INDUSTRIAL CONTROL/COVER STORY

Standards drive production-line design

Fieldbus and PC technology Deliver agile manufacturing

John Lewis, Northeast Technical Editor

As manufacturers travel down the road toward mass customization, they are using more open control architectures and fieldbus technology to improve agility. A recent example is Eaton Corp.'s Fluid Power Div. in Fletcher, NC. When Eaton-Fletcher engineers John Penton and Dan Young got the nod to design and build a new fan drive production cell from the ground up, they started looking into open control, fieldbus, and motion-control technologies that could increase output and quality, cut changeover time, and meet future needs.

The Fletcher plant met these goals in their new "Cell 7'' using two D720 Series Open Automation Computers from Eaton Corp.'s Cutler-Hammer Automation Div. An Interbus-S device-level network connects some 300 I/O points, while MEI Inc. (Santa Barbara, CA) supplies the integrated motion control. Cutler-Hammer's NetSolver and Netpoint software tie it all together in one easy-to-use platform.

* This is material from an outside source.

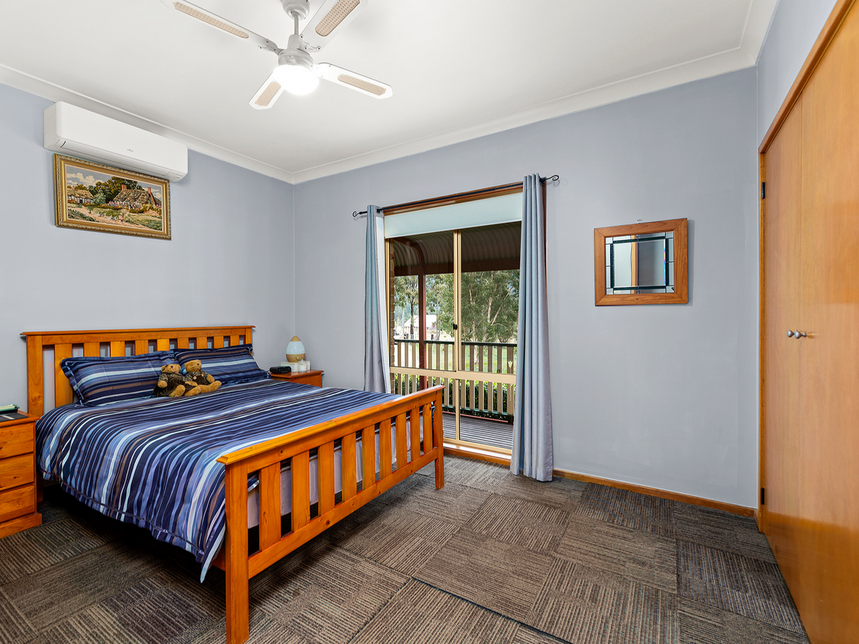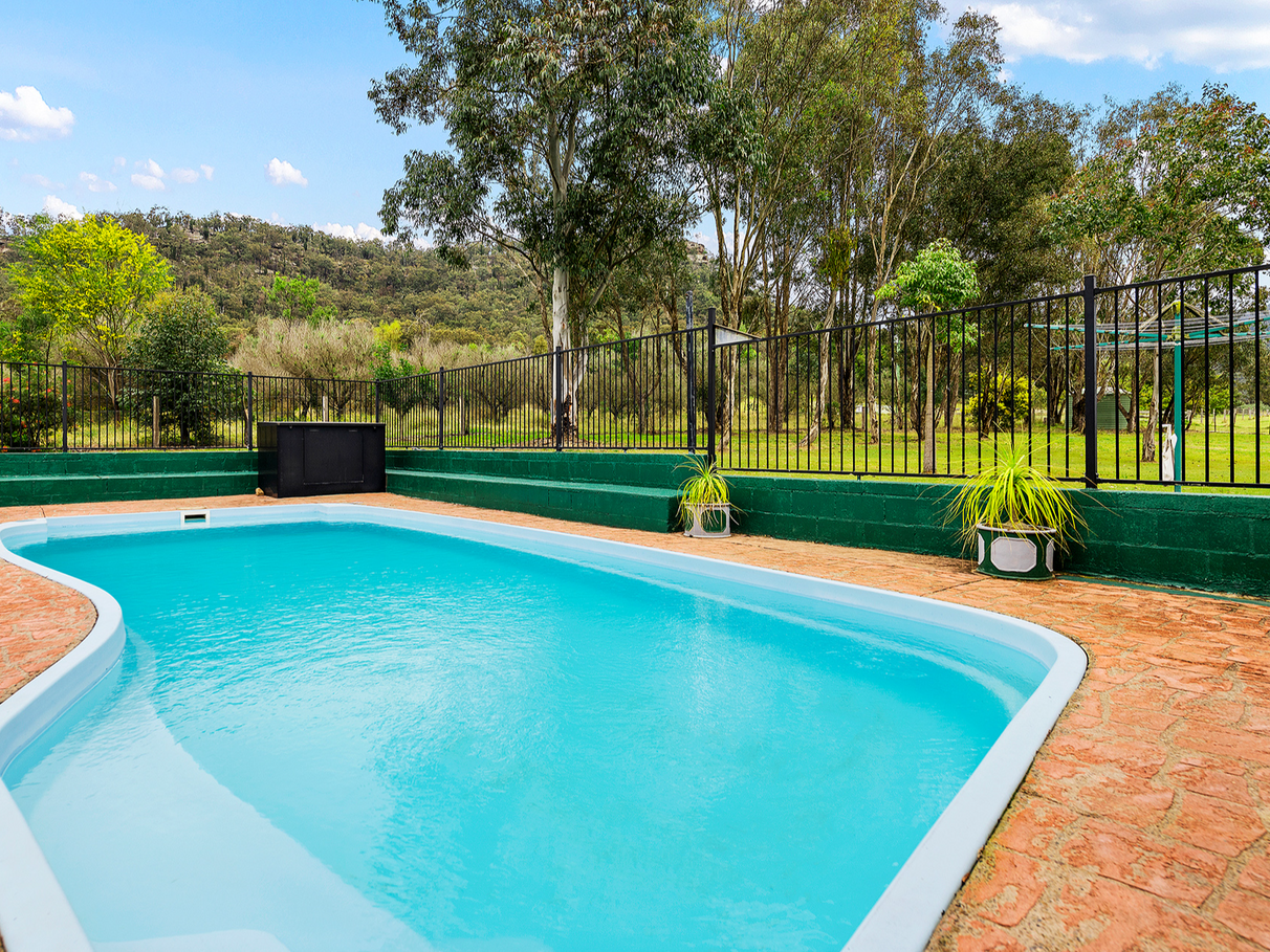 Designed with both large-scale entertaining and family relaxation and comfort in mind, the effortless floor plan incorporates gorgeous natural light, high ceilings, timber floors and high-quality finishes and fittings creating a fresh and airy atmosphere throughout. The spacious open plan living area includes a cosy combustion fire flowing out from the country-style timber kitchen. The spacious interiors flow out at different points to the complete and wide wrap-around verandah which is the perfect place to entertain guests whilst enjoying the magical outlook. Or, have a dip in the 9 metre in ground swimming pool! Comprising three bedrooms, all with built in robes ceiling fans as well as air conditioner in main bedroom. New carpets will be laid before settlement.

Cell 7 machines and assembles four different series of medium-duty viscous-fan drives used in automotive cooling systems. Startup began just after the first of the year, according to Young, and currently the cell operates two to three shifts per day, seven days a week. Two lines actually make up the cell. One line produces bodies, the other makes covers. Together, they put out between 2,000 and 2,500 complete fan drive units per shift, depending on the number of changeovers.

Penton believes that for larger systems with more than 200 I/O points distributed across several different machines in an assembly line, PC and fieldbus technology is definitely the way to go. "Reducing 17 miles of wire to less than 1,000 ft with the device network allows easier line modifications and speeds up troubleshooting," says Young. "There is so much less wiring. It is much easier to track down problems. You have fewer connection points; therefore you have fewer failure points. So it really decreases installation time, and decreases downtime."

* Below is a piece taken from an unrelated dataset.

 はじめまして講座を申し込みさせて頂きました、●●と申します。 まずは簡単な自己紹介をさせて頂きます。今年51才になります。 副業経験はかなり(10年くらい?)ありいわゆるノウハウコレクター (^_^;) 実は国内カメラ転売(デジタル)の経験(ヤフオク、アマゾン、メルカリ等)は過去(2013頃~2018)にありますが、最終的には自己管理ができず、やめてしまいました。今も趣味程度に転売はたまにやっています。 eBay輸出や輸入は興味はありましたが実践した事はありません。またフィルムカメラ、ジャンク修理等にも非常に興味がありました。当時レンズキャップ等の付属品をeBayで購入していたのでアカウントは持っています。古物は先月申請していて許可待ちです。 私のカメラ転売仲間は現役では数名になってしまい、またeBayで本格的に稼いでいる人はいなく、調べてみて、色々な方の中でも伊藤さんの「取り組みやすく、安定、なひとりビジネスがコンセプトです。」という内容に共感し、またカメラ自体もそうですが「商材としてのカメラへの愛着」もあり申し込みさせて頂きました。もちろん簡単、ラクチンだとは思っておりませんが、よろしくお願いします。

Because Eaton Fletcher's automotive customers demand fan-drive shipments to be frequent, on-time, and to have zero defects, the cell must produce high-quality products in small lot sizes. All this requires access to up-to-the-minute information.

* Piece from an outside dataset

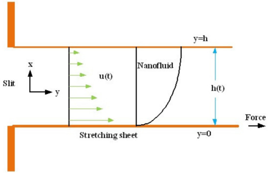 In the past few years, it has been observed that the entropy generation on nanofluid flow analysis has significantly contributed in the area of industries, engineering and technology as well as in other emerging fields of science. Actually, entropy is a thermodynamic quantity representing the unavailability of a system’s thermal energy for conversion into mechanical work, often interpreted as the degree of disorder or randomness in the system. In other words, entropy is a measure of the energy dispersal in the system. We see evidence that the universe tends towards highest entropy many places in our lives. A campfire is an example of entropy. The solid wood burns and becomes ash, smoke and gases, all of which spread energy outwards more easily than the solid fuel. Thin film flow problems have diverse applications in many fields, fluctuating from specific situations in the flow in human lungs to lubrication problems in engineering, which is probably one of the largest subfields of thin film flow problems. The practical applications of thin film flow is a challenging interplay between fluid mechanics and structural mechanics. A nanofluid is comprised of a base fluid with tiny (nanometer) sized nanoparticles, such as carbides or carbon nanotubes, oxides, and metals, whereas traditional base liquids involve ethylene glycol, oil, and water. A nanofluid is very helpful in enhancing thermal conductivity and convection of heat transfer coefficient when it is analyzed with the base fluid. In modern technology, nanomaterials are becoming increasingly important in the performance of various heat exchangers, such as microelectronics, optical modulators, and chemical production. Magneto-nanofluids are also remarkable for their use in various applications, such as tunable optical fiber filters, magneto-optical wavelength filters, optical modulators, and optical switches. In biomedical engineering, magneto-nanoparticles are also very helpful in cancer therapy, sink-float separation, hyperthermia, magnetic resonance imaging (MRI), magnetic cell separation, drug delivery, and magnetic drug targeting. In particular, heat transfer and convective flow are influenced by the features of nanofluids, such as thermal conductivity and viscosity. Conventional heat transfer in various Newtonian and non-Newtonian fluids, such as ethylene glycol, oil, water, etc. holds a poor rate of heat transfer. However, the thermal conductivity of these kinds of fluids plays a significant role in the heat transfer coefficient between a heat transfer surface and heat transfer medium. During the last few decades, an innovative methodology has been used to enhance heat transfer with the help of ultra-fine solid particles in fluids. Non-Newtonian fluids are of various kinds; thus, all non-Newtonian fluids cannot be addressed by using single constitutive expression between stress and shear rate. Much attention has been devoted to study different models of non-Newtonian fluids. Among them is an Eyring–Powell fluid model, which is very complex, but it has certain advantages over other fluid models. Firstly, it was derived from a kinetic theory of liquids rather than the empirical relation as in the case of the Power-law model. Secondly, it appropriately reduces to Newtonian behavior for low and high shear rates. The Eyring–Powell fluid model describes properties of shear thinning fluids. Examples of such fluids are human blood, ketchup, toothpaste, etc. Thus, researchers are attracted to investigate its thermo physical properties. In view of all these applications, it becomes an important issue for researchers to develop the study of liquid film flow on the stretching sheet. The flow of liquid film was first studied for viscous flow and further it is extended to non-Newtonian fluids. Crane [1] was the first one who deliberated the motion of viscous fluid in a linear stretching surface. Dandapat [2] studied the flow of viscoelastic fluids having a heat transfer on a stretching sheet. Wang [3] was the pioneer to investigate unsteady stretching surface and finite liquid film flow on it. Usha and Sridharan [4] have worked on the same problem and extended it to liquid film fluid with heat transmission analysis on horizontal sheet. Liu and Andersson [5] have used numerical techniques in their work to obtain solutions and discussed parameters. Aziz et al. [6] observed the effect of inner temperature production in an unsteady stretching sheet due to flow in a thin liquid film on it. Tawade et al. [7] inquired the flow of thin fluid on an unsteady porous surface having thermal radiation, in the existence of magnetic field, applying Newton Raphson and Runge–Kutta Fehlberg formulae for solutions of nonlinear equations. A brief discussion is given on physical parameters in his work too. Thin film flow of non-Newtonian fluids are in abundance in many walks of life. Therefore, it is one of the most common factors of the nature which is mostly used in the field of industry , engineering and technology. Andersson [8] was the pioneer to study flow of thin liquid film of non-Newtonian fluids by taking into account the Power Law model in an unsteady stretching sheet. After that, most of the researchers [9,10,11,12] have investigated the Power Law of fluid using different cases in an unsteady stretching sheet. Megahed et al. [13] observed thin film flow of Casson fluid and temperature transmission in existance of viscous dissipation and variable heat flux with slip velocity. Abolbashari et al. [14] explored the same fluid with entropy generation with nano particles. Recently, Qasim et al. [15] applied Buongiorno’s model to study thin film of the nanofluid taking an unsteady porous sheet. Eyring–Powell fluid is an integral part of non-Newtonian fluids. Many researchers investigated the effect of MHD and heat on Eyring–Powell fluid. The at hand amount of study in the form of nanofluids is less than the least amount. Hayat et al. [16] derived Ey

"We wanted to give operators more time to produce parts, and to let engineers exchange information electronically to improve manufacturing agility and continuously enhance the line to meet future needs," explains Penton. "The solution was to network the production line control system with engineering department PCs, add programmable motion control and HMI (Human Machine Interface) to the control system, and use a device-level network in place of hardwired I/O."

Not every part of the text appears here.